**Work instruction**
Your answer should be the exact lines of the data below from the one containing "Het luistersprookje van" through the one containing "Fin Konges Sløjd"; please include nothing else.

**Records supplied**
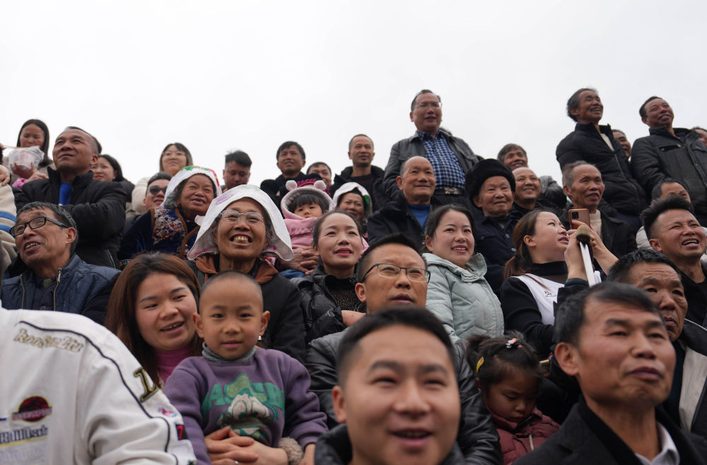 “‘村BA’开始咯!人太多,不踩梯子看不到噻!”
--
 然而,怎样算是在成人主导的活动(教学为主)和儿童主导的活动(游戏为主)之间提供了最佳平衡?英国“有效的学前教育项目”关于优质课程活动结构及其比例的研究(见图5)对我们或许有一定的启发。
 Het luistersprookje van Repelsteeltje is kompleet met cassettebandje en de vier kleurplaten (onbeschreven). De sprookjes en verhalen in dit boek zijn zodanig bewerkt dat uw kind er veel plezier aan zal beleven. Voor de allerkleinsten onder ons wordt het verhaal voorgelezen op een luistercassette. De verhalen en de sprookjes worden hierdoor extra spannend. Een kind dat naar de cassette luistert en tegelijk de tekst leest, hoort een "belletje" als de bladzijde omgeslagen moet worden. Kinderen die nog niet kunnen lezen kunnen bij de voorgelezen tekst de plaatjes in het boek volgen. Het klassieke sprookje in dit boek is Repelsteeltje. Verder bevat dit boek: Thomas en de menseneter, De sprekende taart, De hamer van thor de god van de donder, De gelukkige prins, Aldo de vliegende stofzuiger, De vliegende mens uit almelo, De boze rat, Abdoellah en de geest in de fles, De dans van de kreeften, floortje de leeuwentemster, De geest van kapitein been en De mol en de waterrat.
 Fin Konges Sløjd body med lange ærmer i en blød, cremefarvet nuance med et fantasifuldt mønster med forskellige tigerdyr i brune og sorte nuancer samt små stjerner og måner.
...
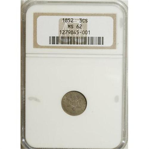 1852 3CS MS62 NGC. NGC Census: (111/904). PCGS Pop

**Your response**
 Het luistersprookje van Repelsteeltje is kompleet met cassettebandje en de vier kleurplaten (onbeschreven). De sprookjes en verhalen in dit boek zijn zodanig bewerkt dat uw kind er veel plezier aan zal beleven. Voor de allerkleinsten onder ons wordt het verhaal voorgelezen op een luistercassette. De verhalen en de sprookjes worden hierdoor extra spannend. Een kind dat naar de cassette luistert en tegelijk de tekst leest, hoort een "belletje" als de bladzijde omgeslagen moet worden. Kinderen die nog niet kunnen lezen kunnen bij de voorgelezen tekst de plaatjes in het boek volgen. Het klassieke sprookje in dit boek is Repelsteeltje. Verder bevat dit boek: Thomas en de menseneter, De sprekende taart, De hamer van thor de god van de donder, De gelukkige prins, Aldo de vliegende stofzuiger, De vliegende mens uit almelo, De boze rat, Abdoellah en de geest in de fles, De dans van de kreeften, floortje de leeuwentemster, De geest van kapitein been en De mol en de waterrat.
 Fin Konges Sløjd body med lange ærmer i en blød, cremefarvet nuance med et fantasifuldt mønster med forskellige tigerdyr i brune og sorte nuancer samt små stjerner og måner.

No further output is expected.